Step 3: Check Git History (Tier 2)

For promising candidates:

  1. Check commits to the specific skill file
  2. Calculate churn-controlled ratio
  3. Read commit messages to validate refinement vs churn
  4. Note file creation date vs last modification

Step 4: Validate Authority (Tier 3)

For top candidates:

  1. Look up author's GitHub profile
  2. Check for relevant domain expertise
  3. Verify credentials are real (not just claimed)
  4. Note if expertise is relevant or tangential

Step 5: Search for Outcomes (Tier 4)

For finalists:

  1. Web search for skill name + outcomes/results/case study
  2. Check author's blog for usage reports
  3. Assess methodology of any claimed outcomes

Output Format

For each skill evaluated:

### [Skill Name]
**Source:** [repo URL]
**File:** [path to SKILL.md]

#### Tier 1: Content Analysis
- Domain specificity: [score + evidence with quotes]
- Framework flexibility: [score + evidence]
- Instruction depth: [assessment]
- Capabilities: [list]
- Example quality: [assessment]

#### Tier 2: Iterative Refinement
- Commits to this file: [count]
- Total repo commits: [count]
- Churn ratio: [percentage]
- Churn validation: [substantive vs cosmetic - cite commit messages]

#### Tier 3: Authority Signals
- Author background: [findings]
- Relevance validation: [is expertise relevant to this skill's domain?]
- Verifiability: [can claims be verified?]

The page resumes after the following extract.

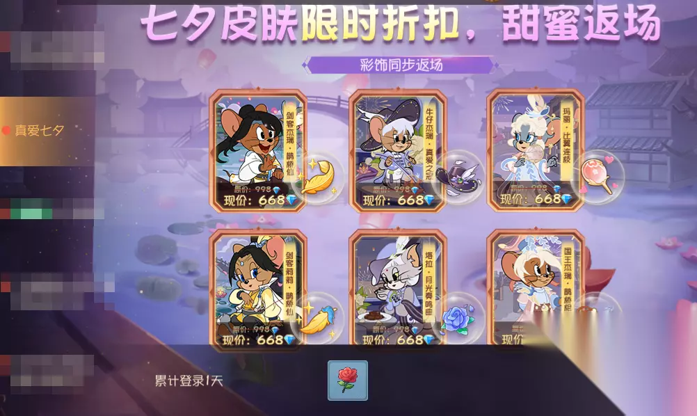 亲爱的小伙伴们, 甜蜜浪漫的七夕节就要到了,为了迎接这一传统节日,猫猫鼠鼠们也是纷纷换上了七夕主题装扮,向心爱之人发出约会邀请呢。 本周更新后,6款七夕主题皮肤将限时上架商城!在这充满爱意的节日里,几对惹人艳羡的情侣通通甜蜜来袭,小伙伴们准备好迎接这波糖分了吗? 七夕主题皮肤限时返场 浪漫七夕,与你再会。8月8日-8月18日的活动期间,七夕主题皮肤将开启限时返场,喜欢该主题风格的小伙伴可前往商城进行购买~

#### Tier 4: Published Outcomes
- [Any found, with methodology assessment]

#### Overall Assessment
- Strengths: [based on valid metrics only]
- Weaknesses: [based on valid metrics only]
- Fitness for stated purpose: [high/medium/low with justification]

Final Ranking

Rank skills by weighted validity:

  1. Tier 1 (Content) - Primary factor. Poor content = disqualify regardless of other metrics.
  2. Tier 2 (Refinement) - Secondary factor, only if churn validated as improvement.
  3. Tier 3 (Authority) - Tiebreaker, only if credentials validated as relevant.
  4. Tier 4 (Outcomes) - Strongest evidence if found, but rare.

Anti-Patterns to Avoid

  1. Ranking by stars - Popularity is not quality
  2. Trusting commit count without reading commits - Could be churn
  3. Accepting author claims without verification - Could be exaggerated
  4. Assuming comprehensive = good - Breadth ≠ depth
  5. Ignoring domain fit - Best skill overall ≠ best skill for purpose
  6. Treating all metrics equally - Validity varies; weight accordingly

Example Validation Dialogue

When presenting findings, explicitly state validation:

"The skill has 47 commits to the specific file. I examined the commit messages and found 38 were substantive improvements ('fix edge case in...', 'add support for...') and 9 were cosmetic ('fix typo', 'update formatting'). The 81% substantive rate suggests genuine iteration rather than churn."

"The author claims 10 years of QA experience. Their GitHub bio links to a LinkedIn profile showing employment at [Company] as QA Lead from 2015-2023. This is verifiable and directly relevant to a QA skill."

"The skill has 24,000 stars but only 3 commits. High popularity with minimal iteration suggests viral spread rather than quality refinement. Stars excluded from assessment per logical validity framework."